Management also discussed a business transformation and restructuring intended to sharpen commercial focus while maintaining sufficient R&D capabilities. Both Caldwell and Brookes said the actions taken toward the end of 2025 are expected to translate into around 20% cost savings in 2026 versus the 2025 cost base.
Looking ahead, Caldwell said Ceres is starting the year with a strong cash position and has “around GBP 45 million of contracted revenue” for 2026 based on existing contracts.
On the path to profitability, Brookes said that if Ceres can sign “one MLA on average every 12 months,” it would be “very close to breakeven and cash flow neutral,” reducing reliance on capital markets. He emphasized that long-term profitability is expected to come as royalty streams become a more dominant source of revenue, which management described as “a few years out.” Caldwell added that royalties are currently modest, with more meaningful contributions expected later, while the near-term focus remains on license fees and engineering services.
In response to questions on the longer-term number of MLAs, management said it sees “plenty of room to play” in the market and characterized its goal as signing as many agreements as possible, while acknowledging that MLAs are large, complex agreements that are difficult to predict precisely.

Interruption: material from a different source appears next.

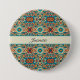 Fügen Sie mit diesem mexikanischen Folk Art Floral Button einen Pop festlichen Flair zu Ihrem Outfit, Tasche oder Event hinzu. Das Design mit einer lebhaften Anordnung stylisierter Blüten in fett türkisfarben, rot, koral und gold spiegelt den fröhlichen Geist der traditionellen mexikanischen Stickerei wider. Ein zentrales Bandbanner ermöglicht den benutzerdefinierbaren Text - perfekt für Namen, kurze Phrasen oder Termine - und macht ihn zu einem einzigartigen Accessoire für Feste, Hochzeiten oder Kulturfeiern.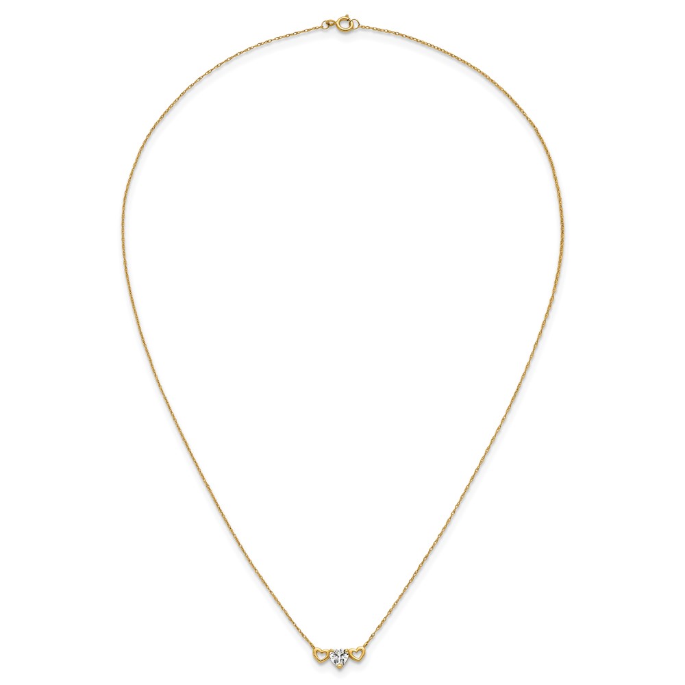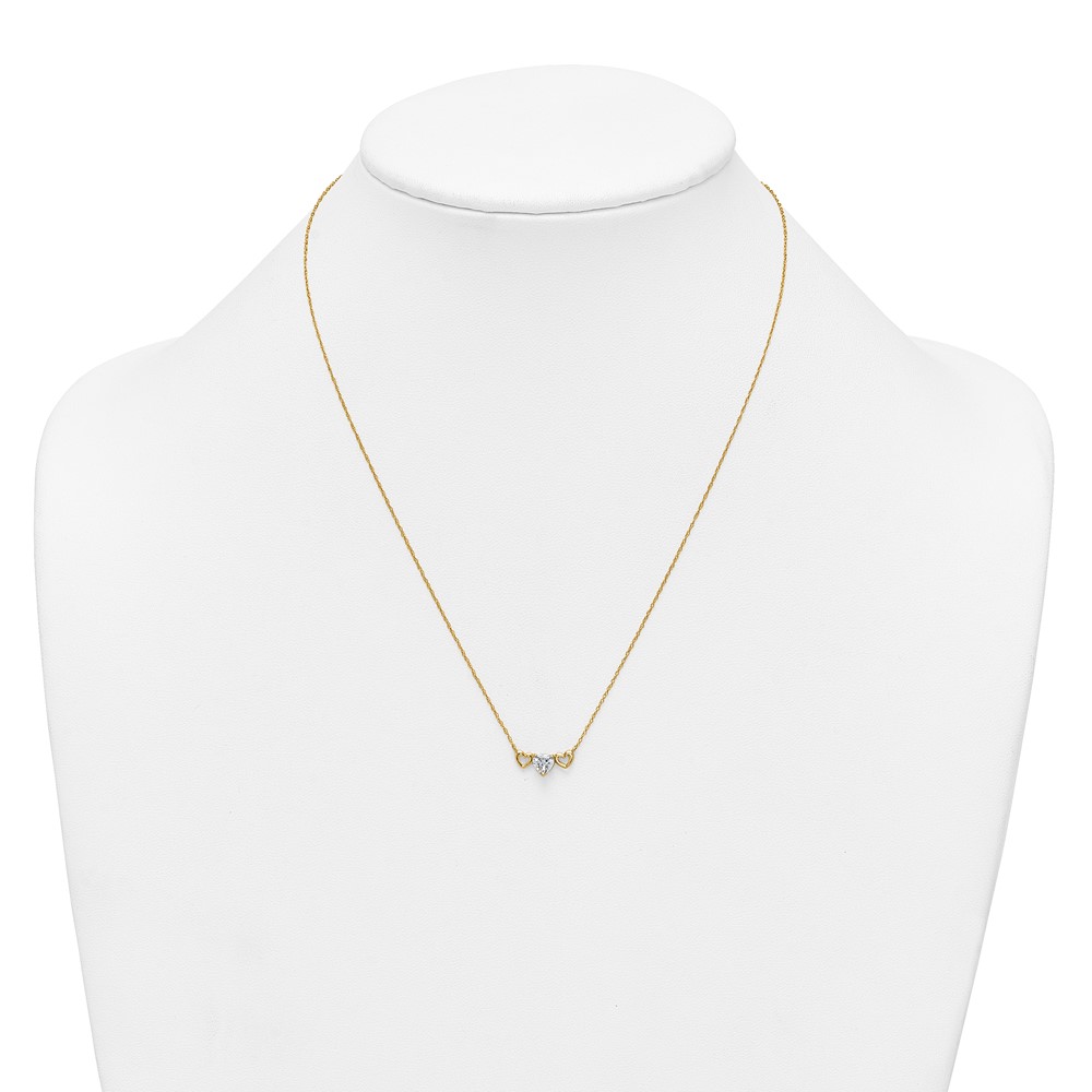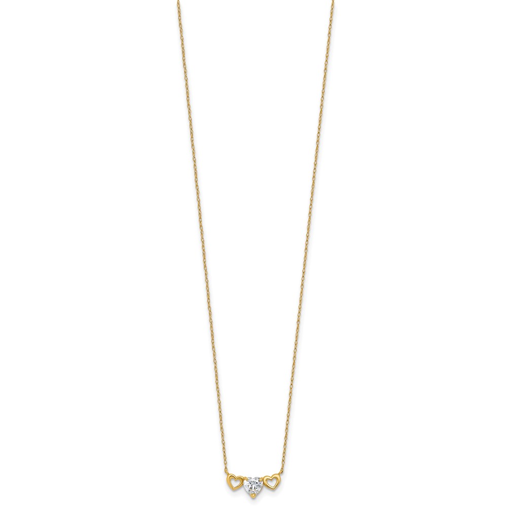 10k Polished Heart CZ Center with Two Open Hearts 18.Necklace

Other items: supply chain, pressurized electrolysis, and RFC Power
Management said it does not see significant constraints related to rare earth materials, noting that its technology uses ceria (described as the most abundant rare earth) and only small amounts of other rare earths.
On pressurized electrolysis modules, Caldwell said the approach involves placing stacks in a pressure vessel to reduce compression costs and better match industrial hydrogen use cases. He said Thermax’s role is supported by its engineering and contracting capabilities in India and by lower engineering costs versus European suppliers.
Finally, asked about RFC Power, Brookes said the company brought the business into the Ceres group mid-year and is pursuing opportunities to secure funding, with an update to be provided when available.
About Ceres Power (LON:CWR)
Ceres is a leading developer of clean energy technology: electrolysis for the creation of green hydrogen and fuel
cells for power generation. Its asset-light, licensing model has seen it establish partnerships with some of the world’s largest companies, such as Bosch, Doosan, Delta and Weichai. Ceres’ solid oxide technology supports greater electrification of our energy systems and produces green hydrogen at high-efficiencies as a route to decarbonise emissions-intensive industries such as steelmaking, ammonia and future fuels.